--- Given data ---
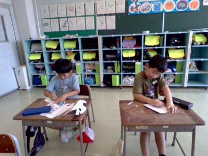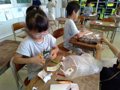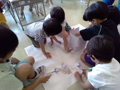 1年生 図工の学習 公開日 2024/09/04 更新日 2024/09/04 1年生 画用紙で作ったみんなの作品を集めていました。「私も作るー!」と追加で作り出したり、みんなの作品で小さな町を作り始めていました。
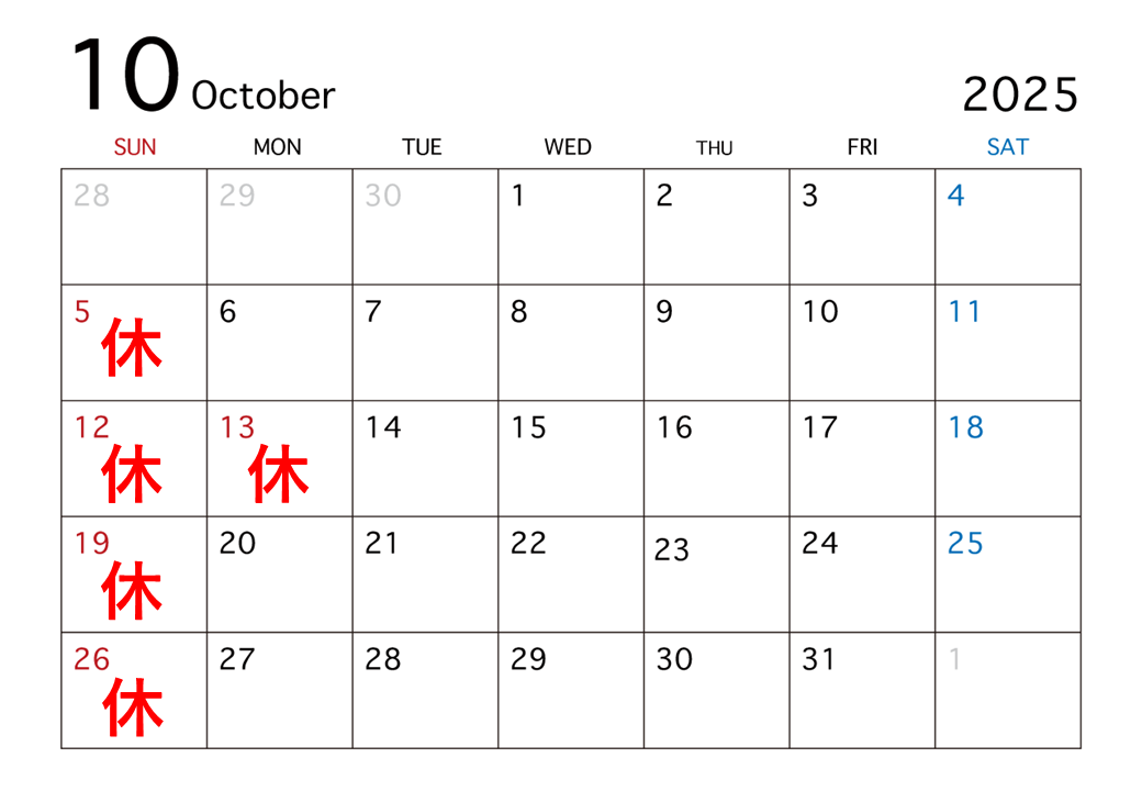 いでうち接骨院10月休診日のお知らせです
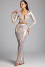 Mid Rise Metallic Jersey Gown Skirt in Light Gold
---
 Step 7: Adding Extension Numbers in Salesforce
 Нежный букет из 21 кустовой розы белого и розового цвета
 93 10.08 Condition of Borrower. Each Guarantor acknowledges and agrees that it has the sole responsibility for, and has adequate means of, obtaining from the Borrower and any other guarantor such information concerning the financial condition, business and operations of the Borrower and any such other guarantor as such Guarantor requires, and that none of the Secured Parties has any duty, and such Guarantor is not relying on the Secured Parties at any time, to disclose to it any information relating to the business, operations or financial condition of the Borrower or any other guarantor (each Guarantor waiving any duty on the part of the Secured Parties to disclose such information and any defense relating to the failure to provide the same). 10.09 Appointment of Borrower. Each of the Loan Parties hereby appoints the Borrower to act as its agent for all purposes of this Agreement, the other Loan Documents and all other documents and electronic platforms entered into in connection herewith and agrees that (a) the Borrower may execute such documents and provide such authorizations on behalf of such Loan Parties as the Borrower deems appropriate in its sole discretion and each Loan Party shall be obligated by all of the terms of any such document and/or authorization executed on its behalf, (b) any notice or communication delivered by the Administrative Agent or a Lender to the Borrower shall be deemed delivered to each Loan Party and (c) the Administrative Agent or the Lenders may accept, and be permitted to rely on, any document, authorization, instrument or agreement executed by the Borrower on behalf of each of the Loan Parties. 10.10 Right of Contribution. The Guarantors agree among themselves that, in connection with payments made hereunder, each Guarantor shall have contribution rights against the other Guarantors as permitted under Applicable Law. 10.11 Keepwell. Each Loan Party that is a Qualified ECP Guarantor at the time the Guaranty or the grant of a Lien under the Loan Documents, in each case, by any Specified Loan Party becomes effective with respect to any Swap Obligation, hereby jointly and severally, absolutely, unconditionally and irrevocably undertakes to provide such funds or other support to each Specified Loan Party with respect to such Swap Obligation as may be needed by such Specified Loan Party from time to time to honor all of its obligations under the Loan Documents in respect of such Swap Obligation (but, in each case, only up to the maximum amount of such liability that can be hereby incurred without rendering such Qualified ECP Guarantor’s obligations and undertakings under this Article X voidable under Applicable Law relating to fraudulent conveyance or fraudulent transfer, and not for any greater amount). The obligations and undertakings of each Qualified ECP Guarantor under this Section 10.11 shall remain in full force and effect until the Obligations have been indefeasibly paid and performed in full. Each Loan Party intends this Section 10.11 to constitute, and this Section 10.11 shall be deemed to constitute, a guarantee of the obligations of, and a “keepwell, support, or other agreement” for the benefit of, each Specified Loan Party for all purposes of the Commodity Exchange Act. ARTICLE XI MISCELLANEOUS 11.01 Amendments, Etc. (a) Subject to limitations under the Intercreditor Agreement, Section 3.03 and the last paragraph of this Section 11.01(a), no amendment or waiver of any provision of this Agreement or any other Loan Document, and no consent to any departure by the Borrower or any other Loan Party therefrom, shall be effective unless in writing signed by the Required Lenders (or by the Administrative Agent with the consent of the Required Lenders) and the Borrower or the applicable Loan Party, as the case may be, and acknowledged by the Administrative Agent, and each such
---
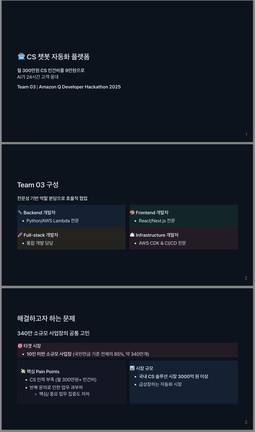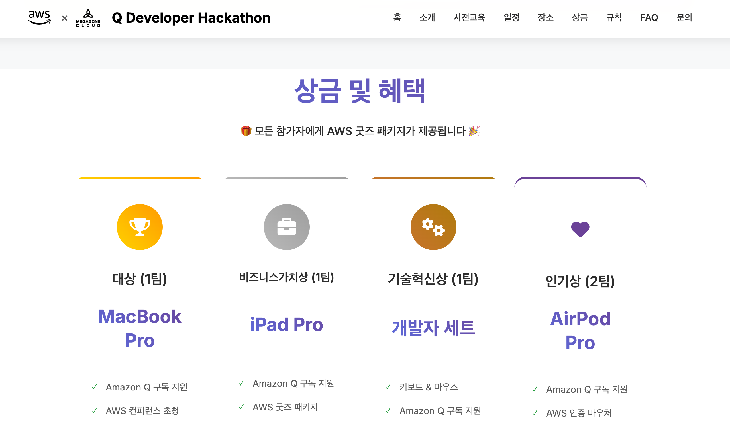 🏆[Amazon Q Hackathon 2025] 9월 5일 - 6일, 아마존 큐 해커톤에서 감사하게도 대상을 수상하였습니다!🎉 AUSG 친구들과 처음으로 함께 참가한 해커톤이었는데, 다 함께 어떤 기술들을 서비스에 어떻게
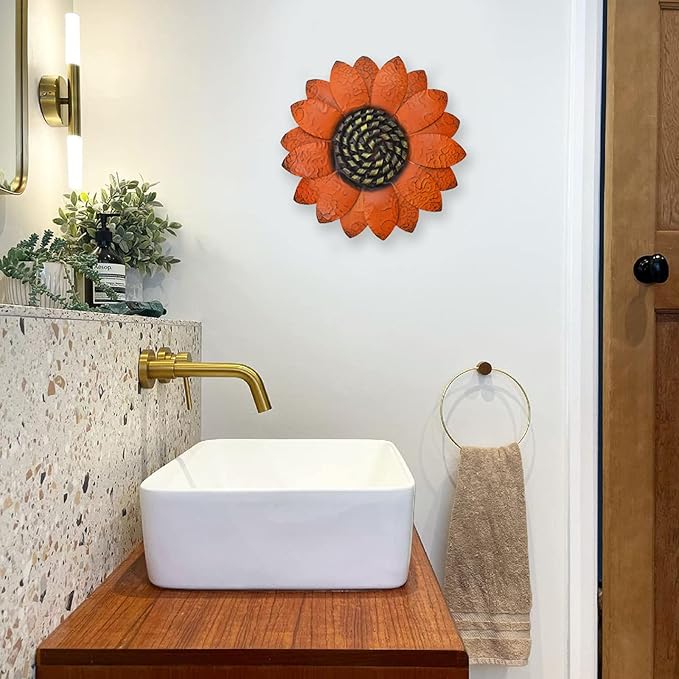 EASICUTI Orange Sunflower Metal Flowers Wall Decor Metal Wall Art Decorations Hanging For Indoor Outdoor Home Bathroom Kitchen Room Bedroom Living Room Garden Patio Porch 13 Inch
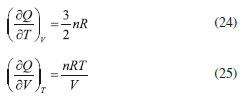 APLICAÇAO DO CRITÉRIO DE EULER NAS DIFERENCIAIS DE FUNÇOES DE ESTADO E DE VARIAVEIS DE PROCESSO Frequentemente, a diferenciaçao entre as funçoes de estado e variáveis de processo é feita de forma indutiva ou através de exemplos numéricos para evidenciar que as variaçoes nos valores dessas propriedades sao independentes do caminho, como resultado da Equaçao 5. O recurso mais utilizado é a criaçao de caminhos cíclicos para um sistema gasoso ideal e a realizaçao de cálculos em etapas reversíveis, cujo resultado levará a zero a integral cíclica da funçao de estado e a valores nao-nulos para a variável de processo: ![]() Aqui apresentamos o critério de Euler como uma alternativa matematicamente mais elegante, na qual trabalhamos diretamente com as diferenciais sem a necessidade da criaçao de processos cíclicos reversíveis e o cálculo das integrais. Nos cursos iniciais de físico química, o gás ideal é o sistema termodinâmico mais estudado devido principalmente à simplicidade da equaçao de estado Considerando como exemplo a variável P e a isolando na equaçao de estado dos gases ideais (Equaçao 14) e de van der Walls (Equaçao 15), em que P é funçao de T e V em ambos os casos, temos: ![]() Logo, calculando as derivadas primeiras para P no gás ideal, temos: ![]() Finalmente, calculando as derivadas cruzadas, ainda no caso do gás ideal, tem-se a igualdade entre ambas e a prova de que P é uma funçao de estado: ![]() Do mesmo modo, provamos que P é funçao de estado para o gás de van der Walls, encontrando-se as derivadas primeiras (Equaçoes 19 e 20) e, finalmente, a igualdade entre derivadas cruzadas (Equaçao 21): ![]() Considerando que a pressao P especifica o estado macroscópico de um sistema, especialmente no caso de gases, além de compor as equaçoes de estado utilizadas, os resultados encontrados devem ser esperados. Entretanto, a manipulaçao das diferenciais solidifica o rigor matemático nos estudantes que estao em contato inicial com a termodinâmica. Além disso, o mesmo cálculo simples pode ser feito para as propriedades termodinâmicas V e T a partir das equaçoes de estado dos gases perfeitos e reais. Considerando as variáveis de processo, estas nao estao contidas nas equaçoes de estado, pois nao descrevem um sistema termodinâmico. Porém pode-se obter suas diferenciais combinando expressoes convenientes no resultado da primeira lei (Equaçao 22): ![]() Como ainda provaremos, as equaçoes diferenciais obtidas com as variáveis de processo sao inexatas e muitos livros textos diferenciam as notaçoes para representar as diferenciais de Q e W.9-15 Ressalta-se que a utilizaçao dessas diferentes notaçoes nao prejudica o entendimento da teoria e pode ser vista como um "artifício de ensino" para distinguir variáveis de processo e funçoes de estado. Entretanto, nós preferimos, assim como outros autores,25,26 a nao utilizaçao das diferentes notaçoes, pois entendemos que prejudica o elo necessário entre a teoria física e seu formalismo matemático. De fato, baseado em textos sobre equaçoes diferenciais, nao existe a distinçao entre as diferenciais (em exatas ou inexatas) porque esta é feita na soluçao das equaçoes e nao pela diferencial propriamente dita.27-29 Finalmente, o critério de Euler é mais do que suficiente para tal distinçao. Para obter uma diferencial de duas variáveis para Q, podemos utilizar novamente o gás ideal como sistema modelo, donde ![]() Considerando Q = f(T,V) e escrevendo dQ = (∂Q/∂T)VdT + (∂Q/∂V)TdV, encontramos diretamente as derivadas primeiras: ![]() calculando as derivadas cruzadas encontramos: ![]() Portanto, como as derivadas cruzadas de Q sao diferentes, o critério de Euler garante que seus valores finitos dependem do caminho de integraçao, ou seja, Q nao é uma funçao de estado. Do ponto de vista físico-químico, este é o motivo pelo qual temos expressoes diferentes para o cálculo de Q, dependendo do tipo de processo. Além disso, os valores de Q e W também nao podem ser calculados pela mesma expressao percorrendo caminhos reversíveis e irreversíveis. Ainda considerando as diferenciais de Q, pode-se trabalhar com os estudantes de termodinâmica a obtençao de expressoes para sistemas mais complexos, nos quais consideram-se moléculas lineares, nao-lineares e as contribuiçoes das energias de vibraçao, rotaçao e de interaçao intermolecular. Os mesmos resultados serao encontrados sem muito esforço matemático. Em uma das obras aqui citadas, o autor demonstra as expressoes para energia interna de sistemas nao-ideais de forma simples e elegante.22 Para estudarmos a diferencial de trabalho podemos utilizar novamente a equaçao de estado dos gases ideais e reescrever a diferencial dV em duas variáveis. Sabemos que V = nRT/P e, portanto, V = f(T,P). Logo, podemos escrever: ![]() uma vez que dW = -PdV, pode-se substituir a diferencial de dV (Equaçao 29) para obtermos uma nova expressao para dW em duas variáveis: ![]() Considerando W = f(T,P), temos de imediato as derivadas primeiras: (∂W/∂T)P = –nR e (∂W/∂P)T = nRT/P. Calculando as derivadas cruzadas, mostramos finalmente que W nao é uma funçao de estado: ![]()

--- Assignment ---
Could you output exactly the lines above, from the line with "1年生 図工の学習 公開日" up to and including the line with "Mid Rise Metallic", and nothing else, skipping the pictures?

--- Response box ---
 1年生 図工の学習 公開日 2024/09/04 更新日 2024/09/04 1年生 画用紙で作ったみんなの作品を集めていました。「私も作るー!」と追加で作り出したり、みんなの作品で小さな町を作り始めていました。
 いでうち接骨院10月休診日のお知らせです
 Mid Rise Metallic Jersey Gown Skirt in Light Gold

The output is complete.